If Labour does win the next General Election, might the two billion pound question test those limits?
During the speech, Mr Drakeford said: "Aneurin Bevan, as you know, said that he was 21 before he ever met a Tory."
He joked: "We are working hard in Wales to give our young people that same opportunity today."
"That is why as we approach the general election, our ambition is to make Wales once again, a country free of Tory MPs in 2024."
"Free of their toxic brands of personal attacks and culture wars, free of their deep hostility to devolution, their casualty cruelty and their malign neglect."
The Welsh Conservatives won 14 seats at the last election in 2024, up six from 2017.
At the 1997 election the party was wiped out at Westminster, losing all of its Welsh members of parliament at an election which was won by Tony Blair's Labour in a landslide.
Drakeford to quit in 2024
In an interview with BBC Wales Mr Drakeford reconfirmed his intention to quit as first minister during 2024.
Mr Drakeford said he had not made a decision about when exactly he will quit, but said: "It will be some time in the next calendar year."

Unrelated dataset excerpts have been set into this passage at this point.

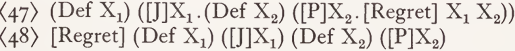 It follows from these remarks that a formal explication of the distinction in question and a suitable notation to represent it depends on several problems of semantic representations. Most of these problems are scarcely understood, to say nothing about their solution. If I nevertheless propose a tentative notation, it is only in order to facilitate some additional remarks. What any account of the problem in question must provide seems to be the following: given a proposition P, i.e. a well defined combination of delimiting and predicative features with suitable arguments, the name of the fact associated with P must be derivable. Using the notation proposed so far, we may write this name as ‘ (Def Xi) ([P]Xi)’.6 The way in which such a fact name provides the argument for an F-feature depends on whether alternative (i) or (ii) discussed above with respect to the operators (QXi) is accepted. Let P be the reading of ‘Paul was waiting’ and ‘(Def X1) ([J]X1)’ the reading of ‘John1’. Assume furthermore that the reading of ‘regrets’ consists only of the F-feature ‘Regret’, then we get (47) and (48), corresponding to (23) and (24) respectively, as the reading of (41):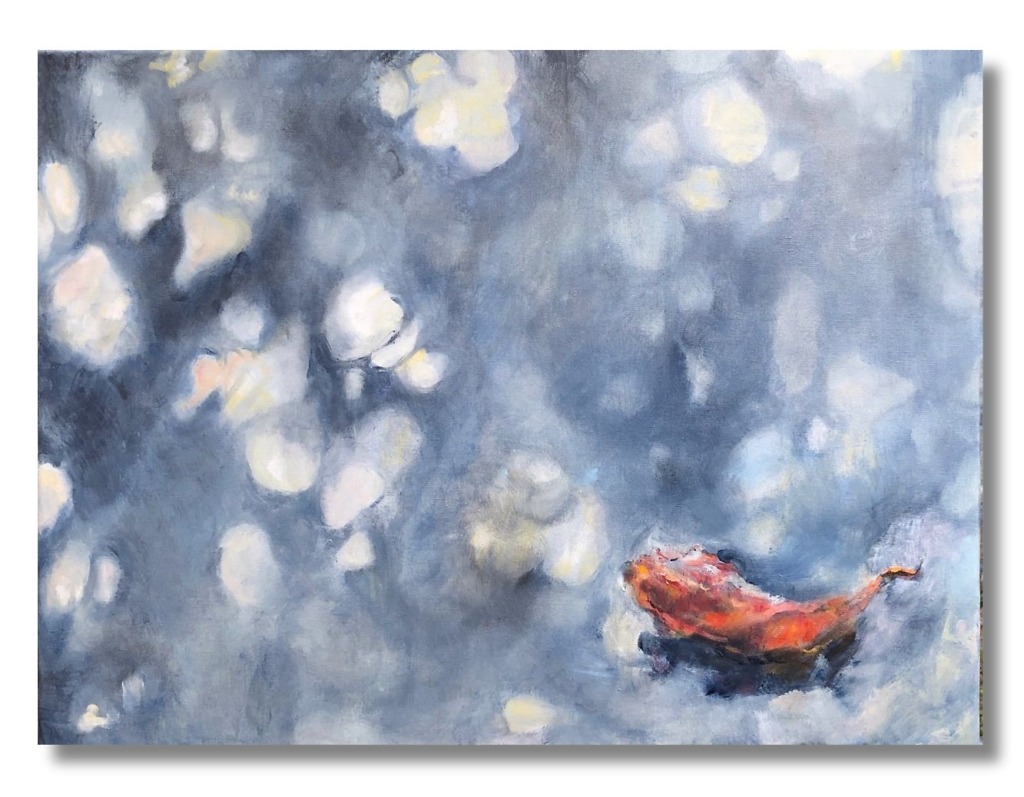 Przemijalność, technika mieszana na surowym płótnie, 40×50 cm, 2022,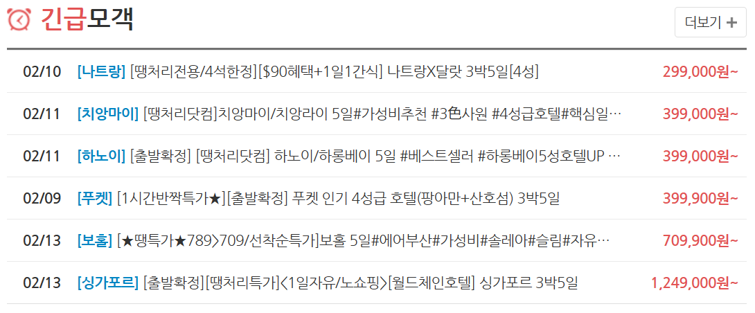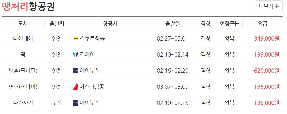 동남아(다낭, 방콕, 나트랑)나 일본(오사카, 후쿠오카)처럼 운항 횟수가 많은 노선일수록 땡처리 물량이 많습니다.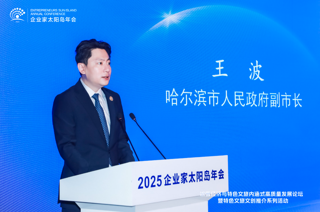 8月2日,2025太阳岛企业家年会“冰雪赋能发展 文旅创引未来”冰雪经济与特色文旅内涵式高质量发展论坛在哈尔滨举行。图为哈尔滨市人民政府副市长王波致辞

On Sunday Labour's Shadow Welsh Secretary Jo Stevens would not be drawn on whether Wales would receive a share of the money spent on the London to Birmingham route.
Wales has not received extra funds resulting from the scheme as it was designated an England and Wales project, despite being entirely in England.
Mr Drakeford said Wales had been "cheated" out of money from the HS2 project, which Rishi Sunak announced last week would not be built beyond Birmingham.
He added: "I just completely understand that Labour's team aren't going to approach the run-up to an election by signing cheques randomly here there and everywhere".
"We absolutely believe that we were cheated out of money that should have come to Wales, under a proper interpretation of the Barnett formula."
Mr Drakeford said they would "go on making that case to our Labour colleagues, while recognising that they will have to in those early days, take a view of what can be done in the round."
The Barnett formula is the way that funding to Wales from the UK government is determined. Extra spending in England on areas of policy which in Wales are controlled from Cardiff usually trigger extra cash for the Welsh government.
On Monday Shadow Chancellor Rachel Reeves said Labour would hold an inquiry into the HS2 project.